> [Instructions for the task] Where the records below begin, start copying, and stop after the line that contains "- Muslin Cotton: Our"; reproduce every line exactly but omit pictures.

> [Material supplied]
● ● ● ● ● ● ●
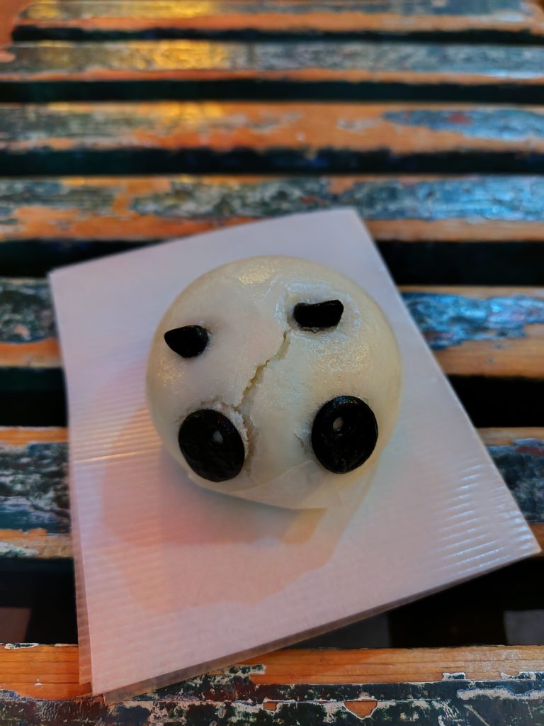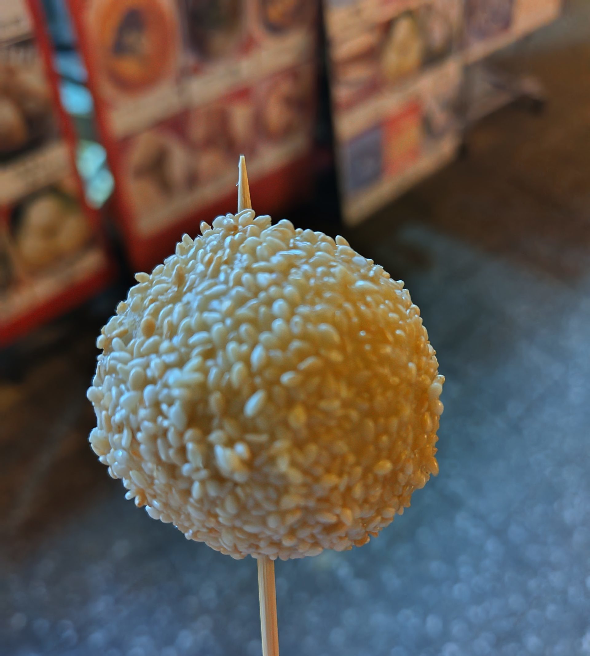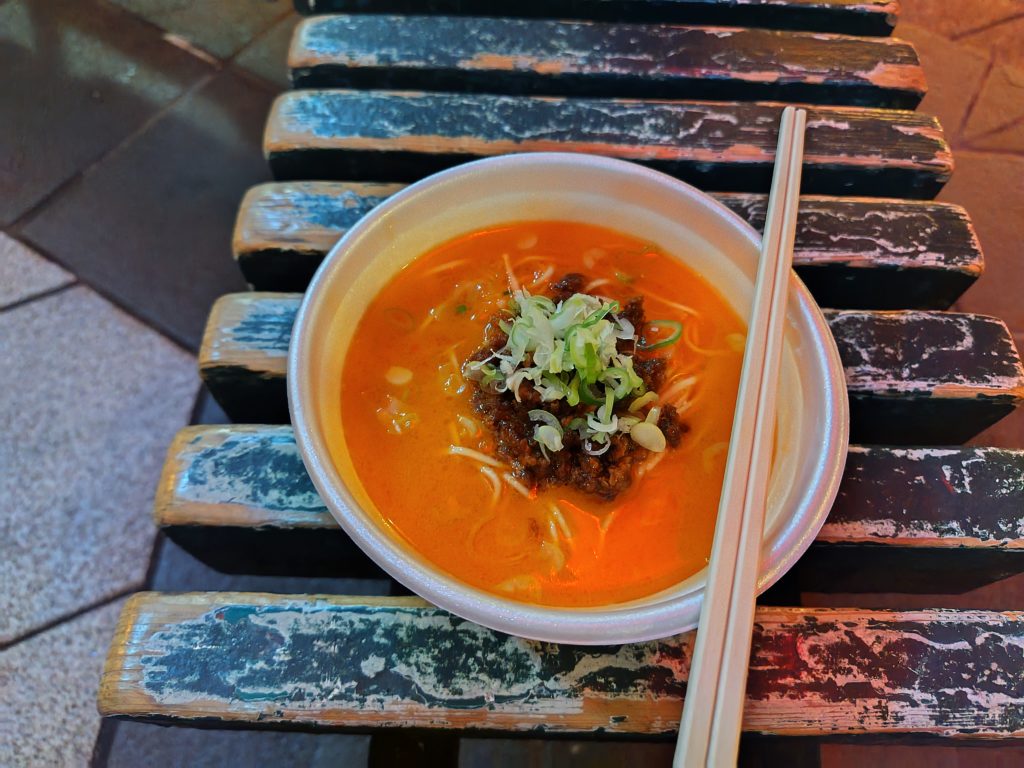 担々麺400円、パンダまん250円をお願いしたのですが、ゴマ団子100円が美味しいよと勧められたので、それもいただきました。最初にゴマ団子を渡されたので、順番はおかしいなという感じですが、こちらから食べました。普通のゴマ団子ですが、特に文句なく普通に美味しいです。
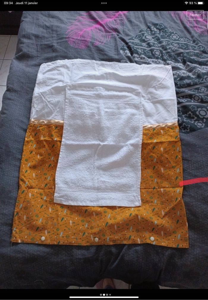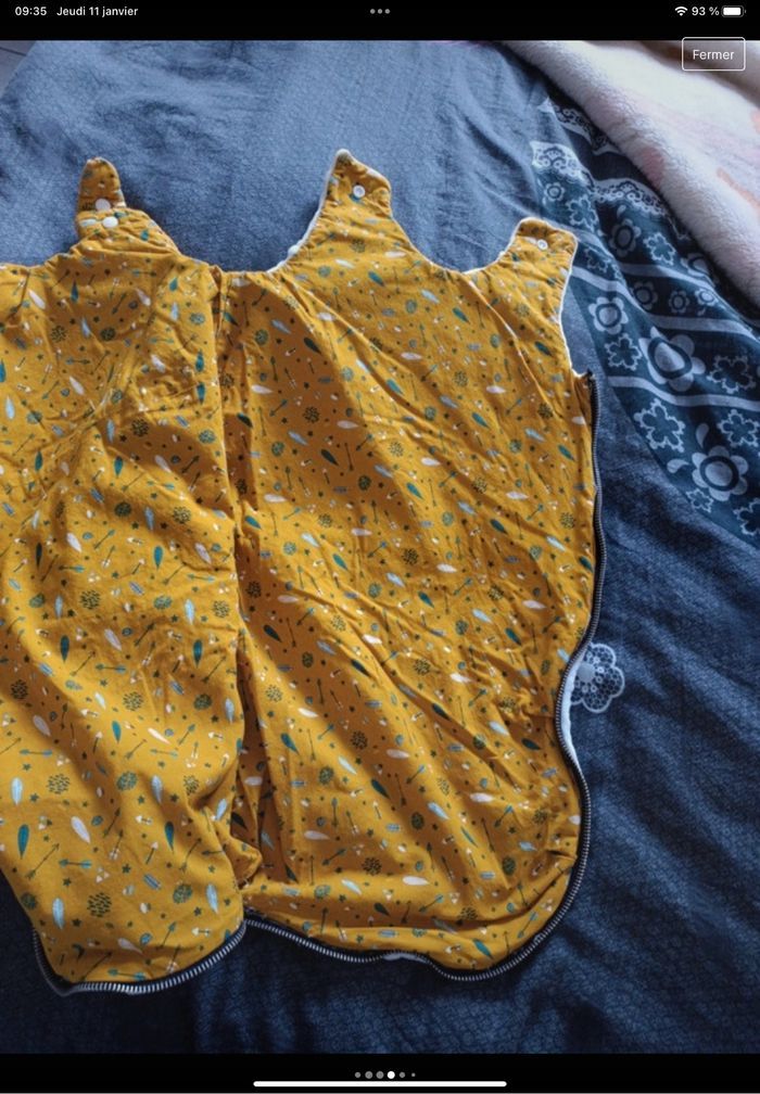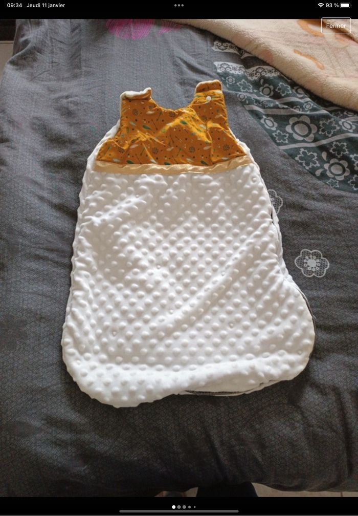 Vend ce lot de couture pour bébé qui comporte 1 protège carnet de santé 1 gigoteuse 55cm (fermeture dure depuis que je l’ai, trace sur le devant voir photo) 1 cape de bain 97cm (intérieur serviette éponge et extérieur tout doux) 1 housse de matelas à langer à pressions, vendu avec 3 serviettes pour le milieu. Défaut sur le moutarde voir photo (convient pour un matelas à langer 50x70cm) Fait main
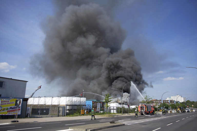 Hasiči počas požiaru nad skladom v nemeckom Hamburgu. Foto: Daniel Bockwoldt/dpa via AP
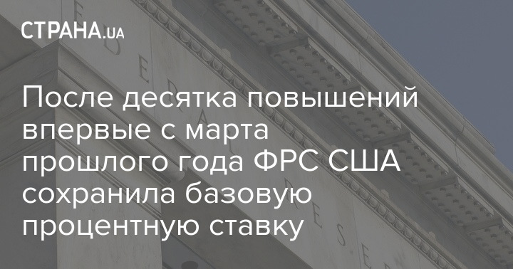 После десятка повышений впервые с марта прошлого года ФРС США сохранила базовую процентную ставку
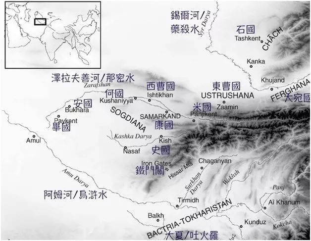 中亚地理分区图,阿拉伯最东部为呼罗珊地区,唐朝主要控制费尔干纳盆地,昭武九胡主要位于河中地区
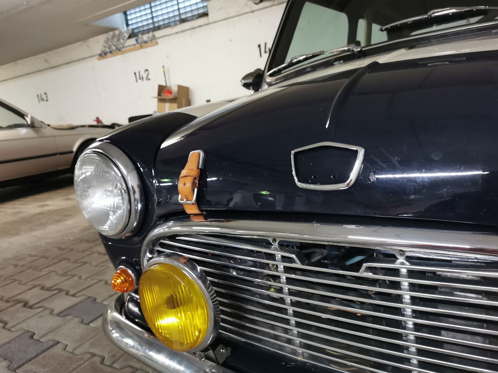 In other news: die Löcher in der Motorhaube stellen sich als passende Bohrungen für das frühe Austin Logo bzw dessen Chromrahmen heraus :starry_eyed: also kann ich die Löcher wieder zu 100% verdecken. Die Chromblende kam in weniger als 24h ab Bestellung von Mini Mania, top Performance!
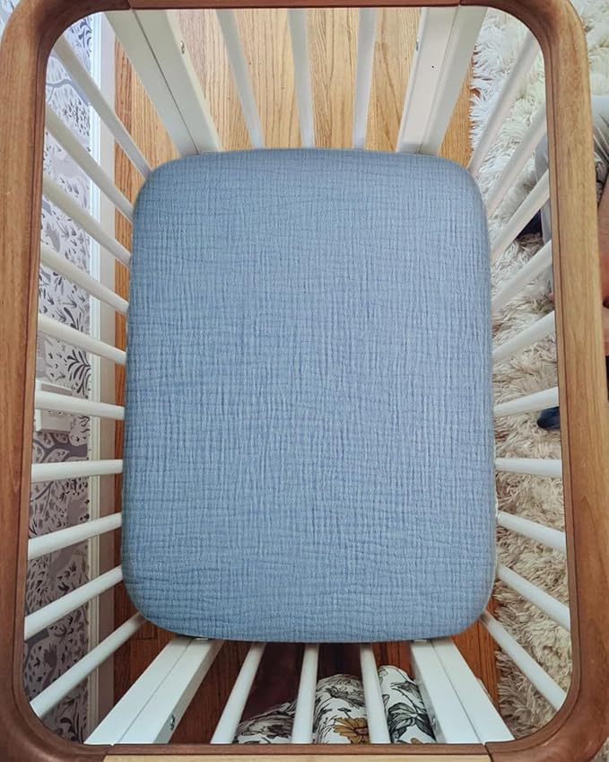 - Muslin Cotton: Our pack n play sheet is made of muslin cotton, with a smooth surface and comfortable touch, features a light drapability and rigidity, suitable for your baby's delicate skin, and let your little one have a better sleep.
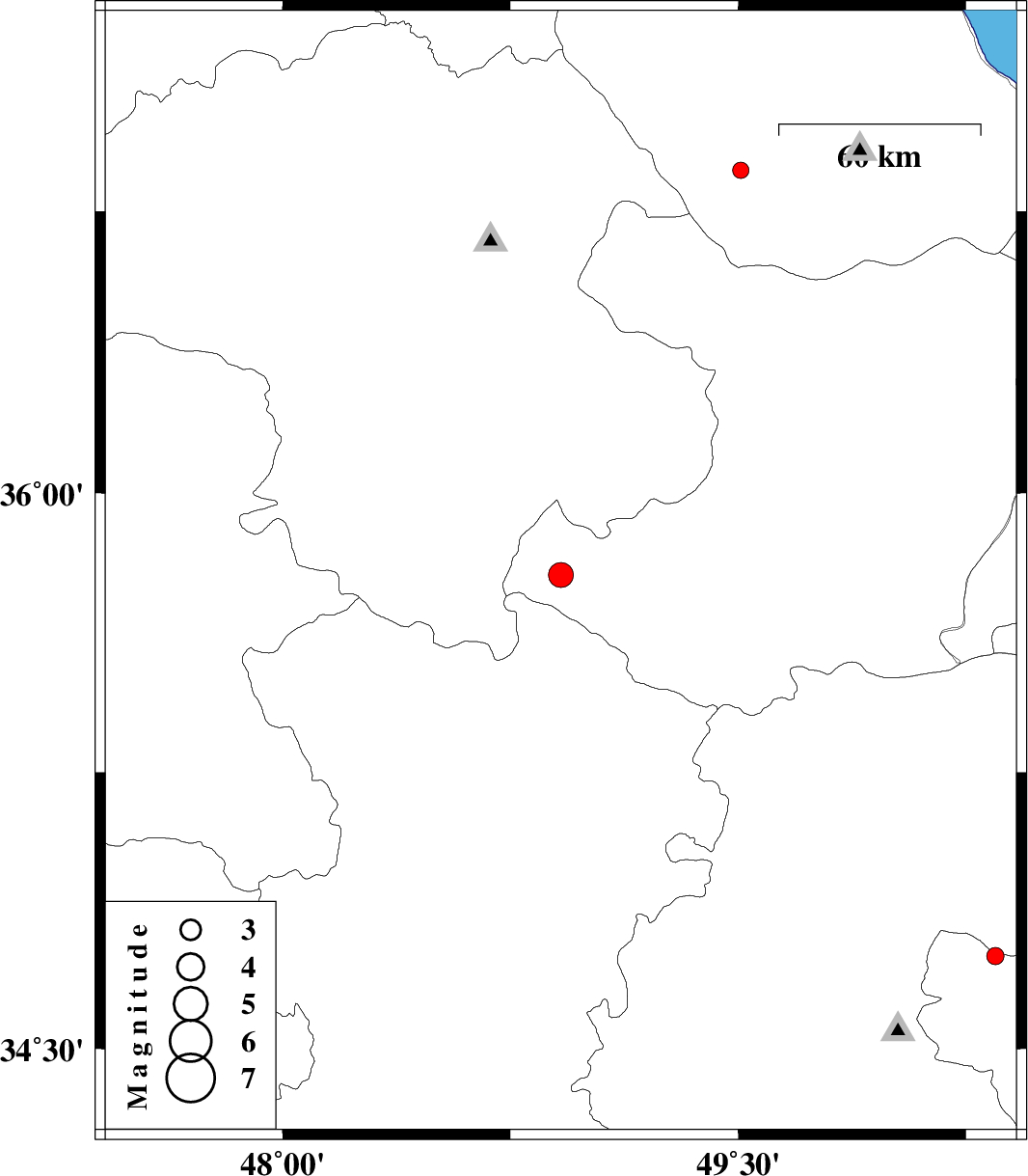 | 2017/12/11 | 12:42:49.1 | 16:12:49.1 | 35.78 | 48.916 | 14 | ML:3.6 | Ghazvin Province, 45 km North-West of Razan | ||
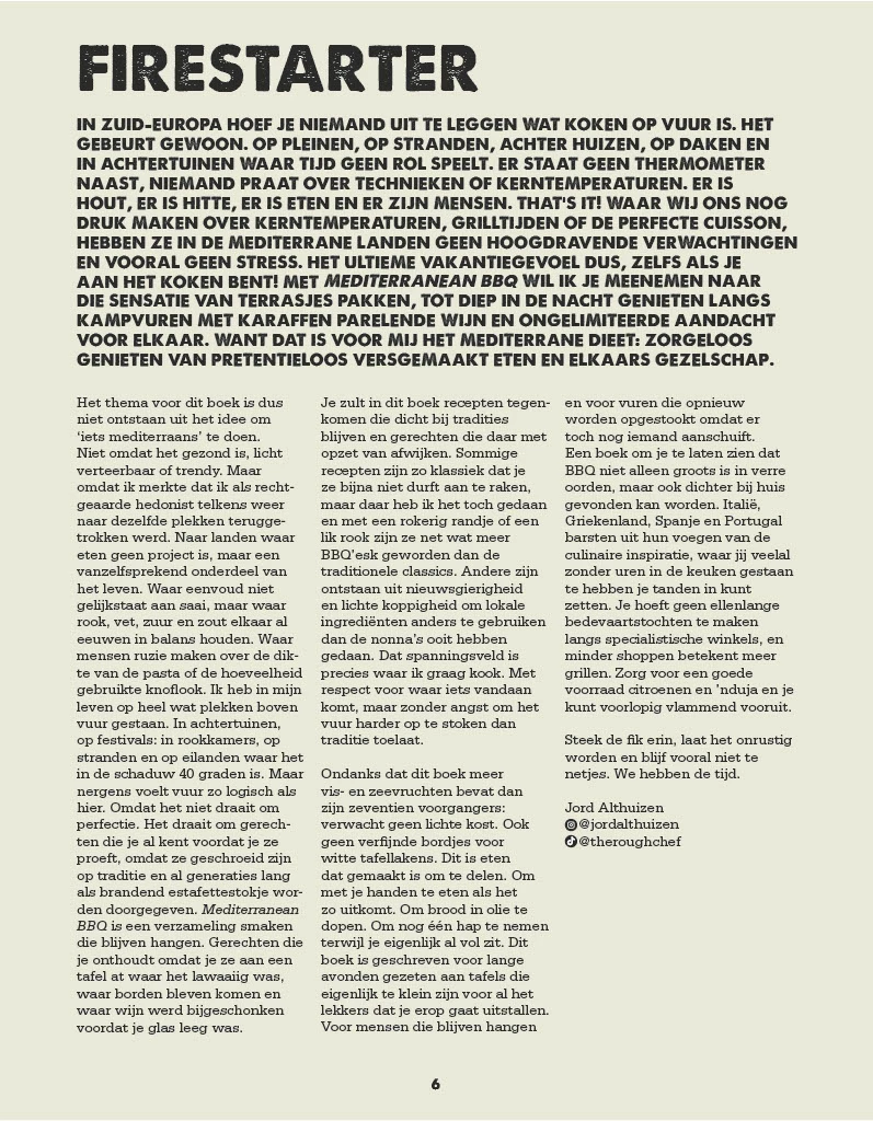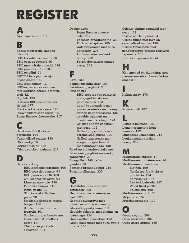 De basis is helder en praktisch. Goede olijfolie, geurige kruiden, pure ingrediënten en natuurlijk houtrook. Hierdoor maak je thuis gerechten die vol smaak zijn, maar niet ingewikkeld. Of je nu kookt op een kamado barbecue, keramische BBQ of een andere barbecue, dit boek geeft je inspiratie om vaker en gevarieerder buiten te koken.
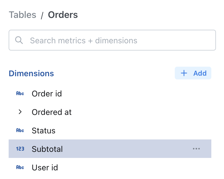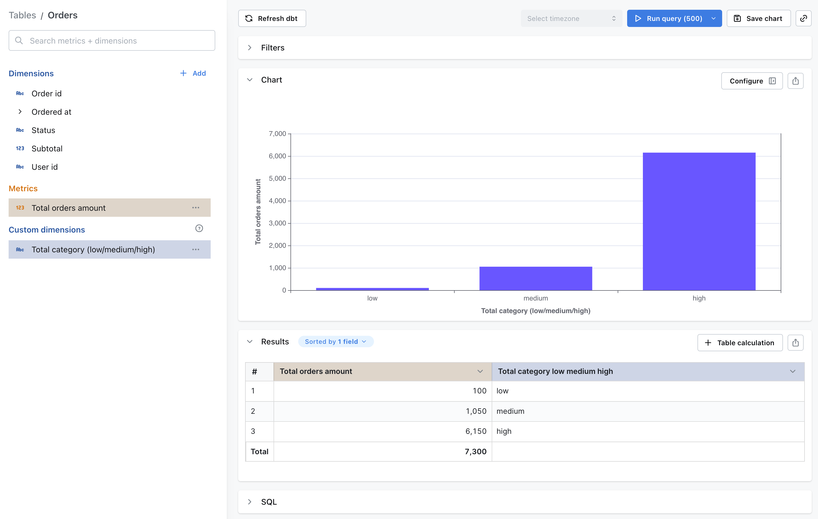 In this example, let’s explore theorders table and create a custom dimension that categorizes my orders’ totals into three categories: low, medium, and high.
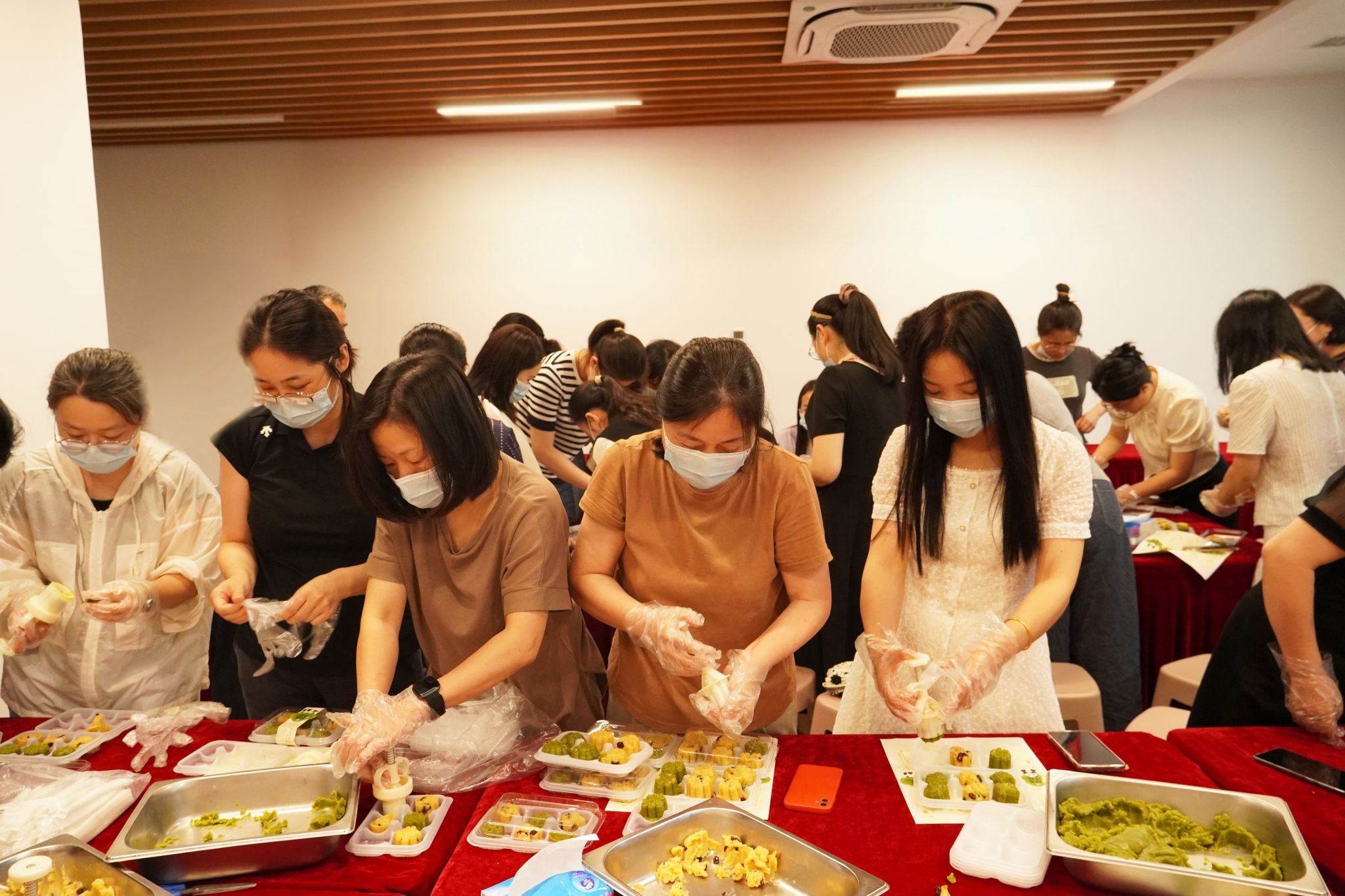 老师们认真聆听、仔细观察,理论讲解结束后,大家就迫不及待地开始动手实践。在面点师的耐心指导下,有的老师负责将绿豆泥揉搓均匀,有的将绿豆糕分线压圆,还有老师熟练地用模具将绿豆糕压制成精美的形状。老师们一边制作,一边相互交流、相互学习,分享着制作心得和生活趣事。
● ● ● ● ● ● ●
> [Solution to this problem]
 担々麺400円、パンダまん250円をお願いしたのですが、ゴマ団子100円が美味しいよと勧められたので、それもいただきました。最初にゴマ団子を渡されたので、順番はおかしいなという感じですが、こちらから食べました。普通のゴマ団子ですが、特に文句なく普通に美味しいです。
 Vend ce lot de couture pour bébé qui comporte 1 protège carnet de santé 1 gigoteuse 55cm (fermeture dure depuis que je l’ai, trace sur le devant voir photo) 1 cape de bain 97cm (intérieur serviette éponge et extérieur tout doux) 1 housse de matelas à langer à pressions, vendu avec 3 serviettes pour le milieu. Défaut sur le moutarde voir photo (convient pour un matelas à langer 50x70cm) Fait main
 Hasiči počas požiaru nad skladom v nemeckom Hamburgu. Foto: Daniel Bockwoldt/dpa via AP
 После десятка повышений впервые с марта прошлого года ФРС США сохранила базовую процентную ставку
 中亚地理分区图,阿拉伯最东部为呼罗珊地区,唐朝主要控制费尔干纳盆地,昭武九胡主要位于河中地区
 In other news: die Löcher in der Motorhaube stellen sich als passende Bohrungen für das frühe Austin Logo bzw dessen Chromrahmen heraus :starry_eyed: also kann ich die Löcher wieder zu 100% verdecken. Die Chromblende kam in weniger als 24h ab Bestellung von Mini Mania, top Performance!
 - Muslin Cotton: Our pack n play sheet is made of muslin cotton, with a smooth surface and comfortable touch, features a light drapability and rigidity, suitable for your baby's delicate skin, and let your little one have a better sleep.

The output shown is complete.